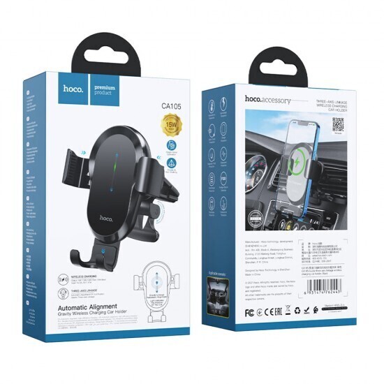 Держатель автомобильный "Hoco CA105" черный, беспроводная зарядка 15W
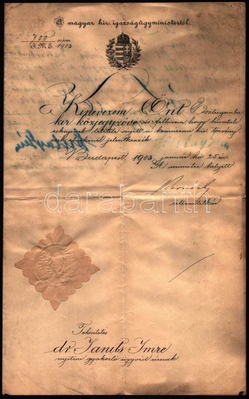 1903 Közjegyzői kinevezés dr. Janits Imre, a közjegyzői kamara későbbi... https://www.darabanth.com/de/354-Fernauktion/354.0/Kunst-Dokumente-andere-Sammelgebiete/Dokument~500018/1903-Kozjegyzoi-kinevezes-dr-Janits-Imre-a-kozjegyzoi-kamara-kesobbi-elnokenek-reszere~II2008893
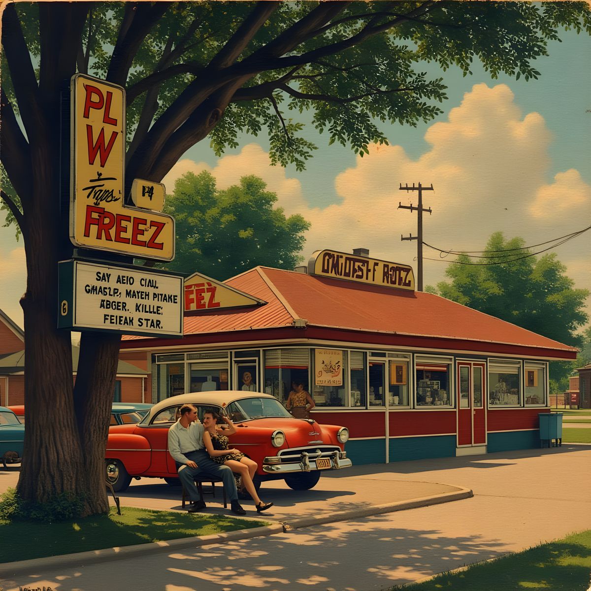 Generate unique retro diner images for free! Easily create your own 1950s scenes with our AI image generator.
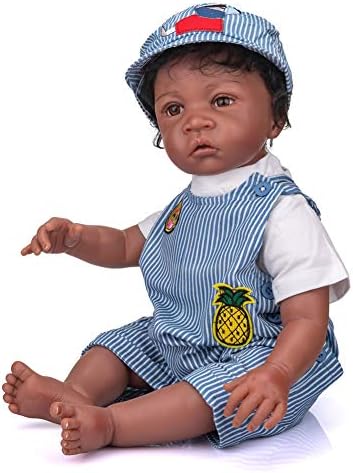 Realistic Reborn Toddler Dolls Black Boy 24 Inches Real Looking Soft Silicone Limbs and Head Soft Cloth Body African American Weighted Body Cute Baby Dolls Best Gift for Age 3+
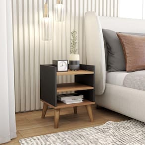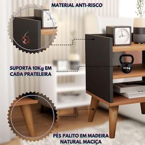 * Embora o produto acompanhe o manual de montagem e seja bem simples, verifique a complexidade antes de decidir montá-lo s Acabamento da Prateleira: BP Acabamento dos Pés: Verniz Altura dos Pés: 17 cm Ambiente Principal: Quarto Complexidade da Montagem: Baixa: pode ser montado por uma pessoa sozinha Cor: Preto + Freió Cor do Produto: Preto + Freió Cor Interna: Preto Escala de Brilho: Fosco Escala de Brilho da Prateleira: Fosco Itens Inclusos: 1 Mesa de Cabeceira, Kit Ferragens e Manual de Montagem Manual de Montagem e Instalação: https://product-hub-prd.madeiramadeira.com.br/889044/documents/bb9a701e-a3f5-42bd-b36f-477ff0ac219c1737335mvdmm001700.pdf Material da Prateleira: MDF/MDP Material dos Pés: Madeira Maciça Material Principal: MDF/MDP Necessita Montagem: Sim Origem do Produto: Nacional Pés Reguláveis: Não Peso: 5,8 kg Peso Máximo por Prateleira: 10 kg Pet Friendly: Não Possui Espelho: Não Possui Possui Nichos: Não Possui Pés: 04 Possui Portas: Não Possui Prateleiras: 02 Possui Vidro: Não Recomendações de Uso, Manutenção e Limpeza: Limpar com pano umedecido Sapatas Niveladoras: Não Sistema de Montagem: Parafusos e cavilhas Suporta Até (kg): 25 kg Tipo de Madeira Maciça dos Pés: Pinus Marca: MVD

****************************************

Exercise brief: Reproduce the listing above only between the lines holding "1903 Közjegyzői kinevezés" and "Realistic Reborn Toddler", inclusive. Every line must match exactly, and pictures are dropped.

Reply:
 1903 Közjegyzői kinevezés dr. Janits Imre, a közjegyzői kamara későbbi... https://www.darabanth.com/de/354-Fernauktion/354.0/Kunst-Dokumente-andere-Sammelgebiete/Dokument~500018/1903-Kozjegyzoi-kinevezes-dr-Janits-Imre-a-kozjegyzoi-kamara-kesobbi-elnokenek-reszere~II2008893
 Generate unique retro diner images for free! Easily create your own 1950s scenes with our AI image generator.
 Realistic Reborn Toddler Dolls Black Boy 24 Inches Real Looking Soft Silicone Limbs and Head Soft Cloth Body African American Weighted Body Cute Baby Dolls Best Gift for Age 3+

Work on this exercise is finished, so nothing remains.